WHAT THIS TASK INVOLVES: Give back every line of the material exactly. Skip the pictures.

EXERCISE DATA:
# # # #
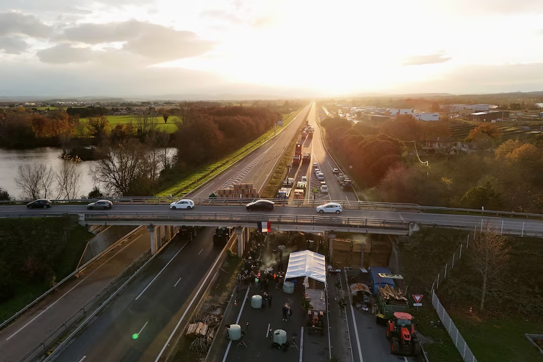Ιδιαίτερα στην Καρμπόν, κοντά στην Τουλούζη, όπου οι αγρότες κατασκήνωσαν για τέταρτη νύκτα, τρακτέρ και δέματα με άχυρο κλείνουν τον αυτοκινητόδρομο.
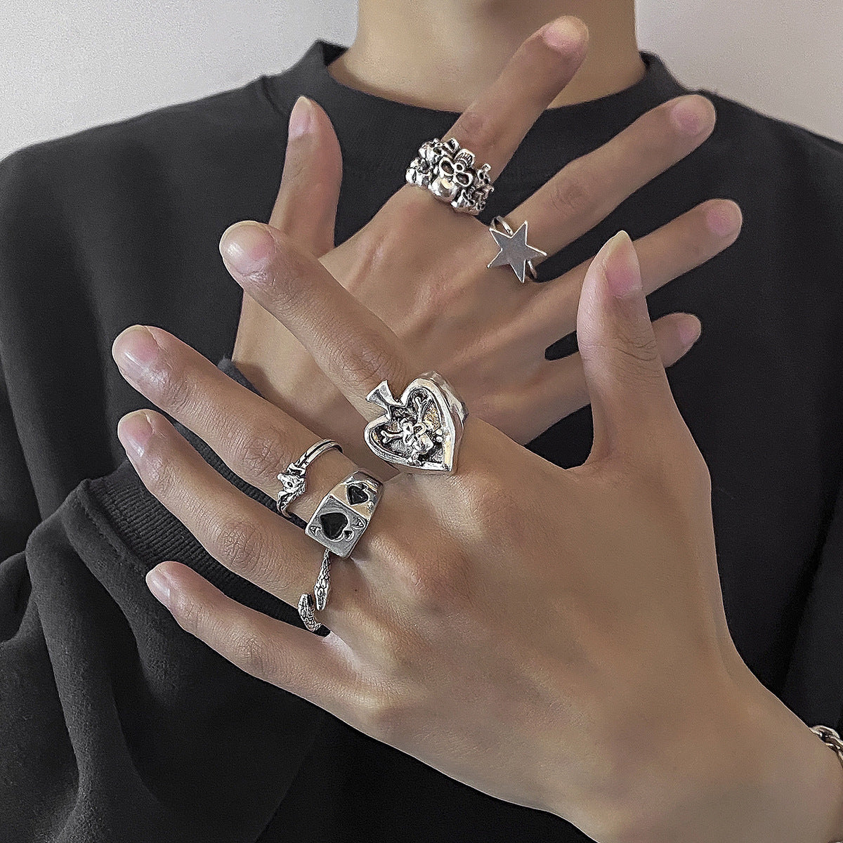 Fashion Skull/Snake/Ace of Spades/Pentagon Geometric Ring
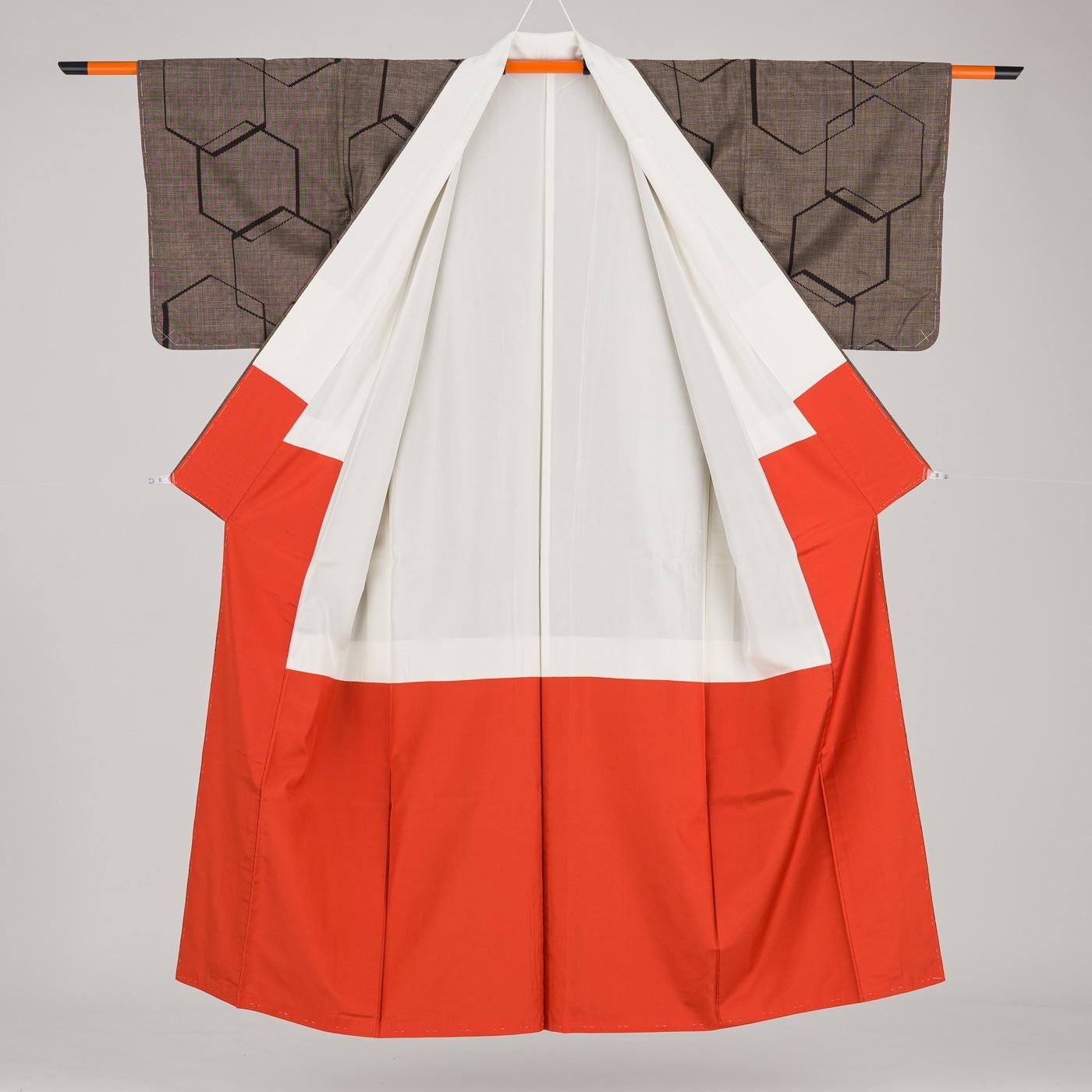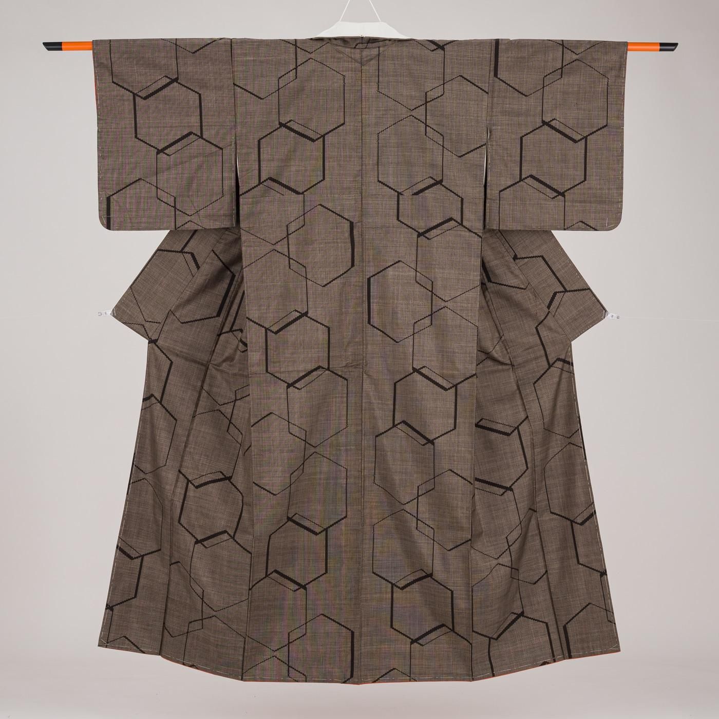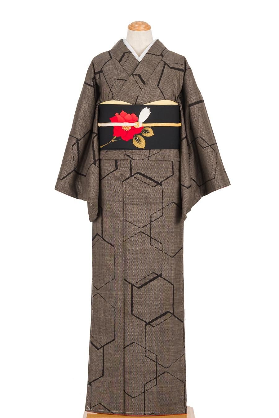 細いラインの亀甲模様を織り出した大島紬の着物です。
# # # #
WRITTEN ANSWER:
Ιδιαίτερα στην Καρμπόν, κοντά στην Τουλούζη, όπου οι αγρότες κατασκήνωσαν για τέταρτη νύκτα, τρακτέρ και δέματα με άχυρο κλείνουν τον αυτοκινητόδρομο.
 Fashion Skull/Snake/Ace of Spades/Pentagon Geometric Ring
 細いラインの亀甲模様を織り出した大島紬の着物です。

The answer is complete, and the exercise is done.